On 10/13/2022 12:11 AM, Paul E. McKenney wrote:
> On Wed, Oct 12, 2022 at 05:26:26PM +0800, Hou Tao wrote:
>> Hi,
>>
>> On 10/12/2022 2:36 PM, Paul E. McKenney wrote:
>>> On Tue, Oct 11, 2022 at 07:31:28PM +0800, Hou Tao wrote:
>>>> Hi,
>>>>
>>>> On 10/11/2022 5:07 PM, Paul E. McKenney wrote:
>>>>> On Tue, Oct 11, 2022 at 03:11:26PM +0800, Hou Tao wrote:
>>>>>> From: Hou Tao <houtao1@huawei.com>
>>>>>>
>>>>>> According to the implementation of RCU Tasks Trace, it inovkes
>>>>>> ->postscan_func() to wait for one RCU-tasks-trace grace period and
>>>>>> rcu_tasks_trace_postscan() inovkes synchronize_rcu() to wait for one
>>>>>> normal RCU grace period in turn, so one RCU-tasks-trace grace period
>>>>>> will imply one RCU grace period.
>>>>>>
>>>>>> So there is no need to do call_rcu() again in the callback of
>>>>>> call_rcu_tasks_trace() and it can just free these elements directly.
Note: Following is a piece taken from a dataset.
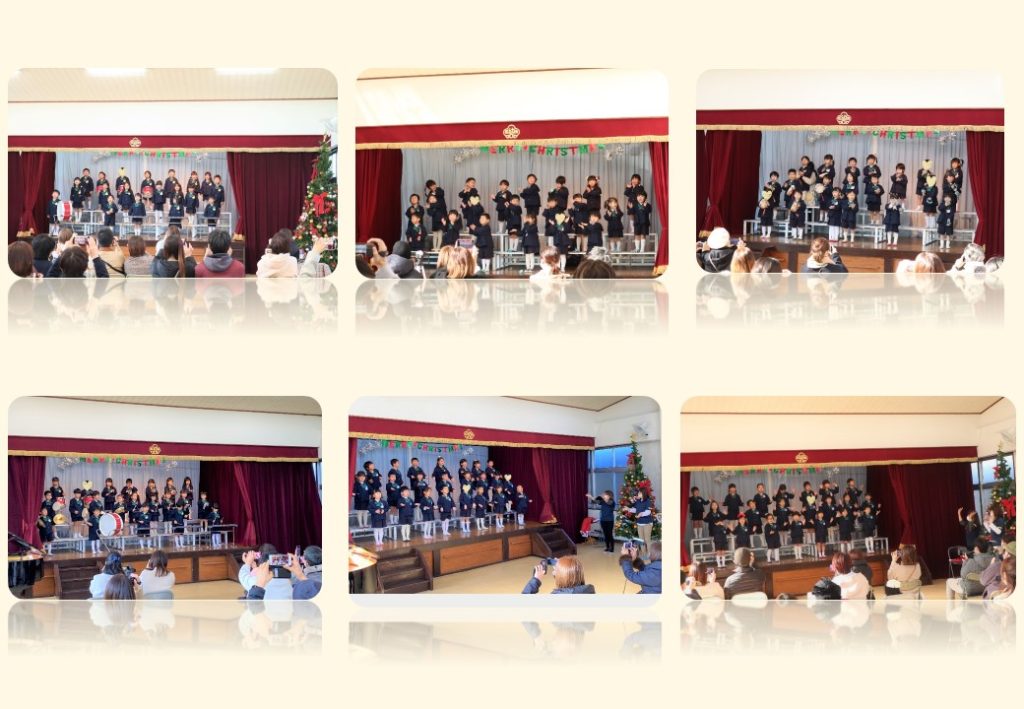 年少組や年中組のみんなも、クリスマスのお歌の合唱や楽器を使った合奏を、見に来てくれた家族に人たちの前で披露しました。今日の子どもたちの元気できれいな歌声は、サンタさんにきっと届いていると思います✨

>>>>> This is true, but this is an implementation detail that is not guaranteed
>>>>> in future versions of the kernel.  But if this additional call_rcu()
>>>>> is causing trouble, I could add some API member that returned true in
>>>>> kernels where it does happen to be the case that call_rcu_tasks_trace()
>>>>> implies a call_rcu()-style grace period.
>>>>>
>>>>> The BPF memory allocator could then complain or adapt, as appropriate.
>>>>>
>>>>> Thoughts?
>>>> It is indeed an implementation details. But In an idle KVM guest, for memory
>>>> reclamation in bpf memory allocator a RCU tasks trace grace period is about 30ms
>>>> and RCU grace period is about 20 ms. Under stress condition, the grace period
>>>> will be much longer. If the extra RCU grace period can be removed, these memory
>>>> can be reclaimed more quickly and it will be beneficial for memory pressure.
>>> I understand the benefits.  We just need to get a safe way to take
>>> advantage of them.
>>>
>>>> Now it seems we can use RCU poll APIs (e.g. get_state_synchronize_rcu() and
>>>> poll_state_synchronize_rcu() ) to check whether or not a RCU grace period has
>>>> passed. But It needs to add at least one unsigned long into the freeing object.
>>>> The extra memory overhead may be OK for bpf memory allocator, but it is not for
>>>> small object. So could you please show example on how these new APIs work ? Does
>>>> it need to modify the to-be-free object ?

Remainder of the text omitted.